Wednesday 2 February 2011

Idle Thoughts - The Science of Language



Professor Friedrich Max Müller (December 6, 1823 – October 28, 1900), a German philologist, gave three lectures on the Science of Thought at the Royal Institution, London in March of 1878. That lecture was reprinted in the Open Court journal of Chicago in June of 1887. In it he made the following comment:

The Science of Language, therefore, was to me at all time but a means to an end — a telescope to watch the heavenly movements of our thoughts, a microscope to discover the primary cells of our concepts. I have waited for many years, hoping that some one better qualified than myself might lay hold of the materials collected by the comparative philologists, and build with them a new system of philosophy. Everything was ready — the ore was there, it had only to be coined. But whether philosophers mistrusted the ore, or whether they preferred to speculate with their time-honoured tokens rather than with the genuine metal, certain it is that, with few exceptions, no philosopher by profession has as yet utilized the new facts which the Science of Language has placed at his free disposal.
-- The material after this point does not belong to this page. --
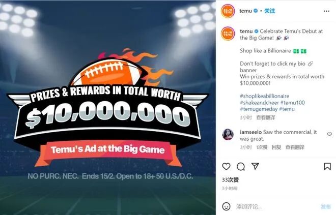 尽管主要受众都在北美市场,但作为“美国春晚”,一年一度的超级碗始终是全球最具有商业价值的超级赛事。这次与拼多多Temu一起出现在超级碗上的还有谷歌、乐天、优步、百事可乐。刚刚诞生5个月的Temu也成为有史以来在超级碗投放广告的最年轻的品牌之一。有意思的是,这条广告片延续了拼多多打广告的一贯传统:简单却洗脑。就像在国内拼多多留下了“拼多多~拼多多~拼的多~省的多”的洗脑旋律和广告语一样,这则美国春晚上的广告,也给用户留下了“像亿万富翁一样购物”(Shop like a billionaire)的品牌口号。而除了这两条洗脑广告之外,拼多多还将国内常见的“摇一摇送红包”玩法整合进了营销活动中,Temu将通过"欢乐摇一摇"扫码互动活动送出价值1000万美元的奖励和优惠券。与此同时,在超级碗赛后,拼多多给Temu的这则广告还购买了两个广告位,之后会在下周一举行的赛事中继续出现。简单估算一下,两个广告位和1000万美元的摇一摇优惠券,这一场营销大战,拼多多的总耗费远不止一千万多万美元。如此一掷千金的举动,瞬间刷爆跨境电商圈,一时间“谁是Temu,它怎么这么有钱?”“他们的东西那么便宜,是怎么买得起几个超级碗广告的?”等关于拼多多海外版的问题,引起了海外用户的大讨论。值得注意的是,在拼多多通过美国春晚收获流量,扩张声量之际,多家媒体报道显示,拼多多正在入局北美的另一个重要市场:加拿大。目前Temu已允许美国以外的手机号码进行注册,部分跨境电商商家也反馈收到了拼多多即将开通加拿大站点的通知。今年1月末,拼多多的运营人员已通知部分商家准备加拿大站点的规划。预计最快将在今年第一季正式上线Temu加拿大站。事后诸葛亮的来分析一下,此次拼多多登上美国春晚打广告,看似没有预警,其实背后确实必然。在今年的央视春晚之前,市场纷纷猜测拼多多或将是最大的红包赞助商,接棒2022年京东的15亿红包,走上春晚舞台。或许在那个时候,将业务中心放在海外扩张上的拼多多,就已经想好了营销预算的新渠道,此次拿下"美国春晚",其实是黄峥在进一步释放自己的出海野心。一切就像2016年的央视《对话》节目中展现的那样,面对张一鸣,黄峥说道:“如果我是张一鸣,会更加激进地推进全球化。”现在拼多多在北美地区的狂飙突进,正在印证黄峥当年提出的设想。

I find it an intriguing simile to compare the study of language to a telescope observing the heavens, as well as a microscope observing cells, in the same sentence. An ability to look in opposite directions at the same time with some degree of precision and focus is clearly a must when it comes to language. As to philosophy and language things have moved on. One need only look to Michel Foucault's Les Mots et les choses: Une archéologie des sciences humaine published as The Order of Things: An Archaeology of the Human Sciences; or Jacques Derrida's Philosophy of Language; Julia Kristeva's focus on the politics of language and semiotics; and many others.

Nonetheless, the lectures are well worth searching out. Part 1 can be found at:
http://www.archive.org/stream/opencourt11887caru#page/n5/mode/2up
Go to pages 225, 253, 281 and 309.
Without the likes of Professor Müller and his colleagues we might not have Foucault and others.

Whilst rummaging through The Open Court Journal you will find many other items of interest.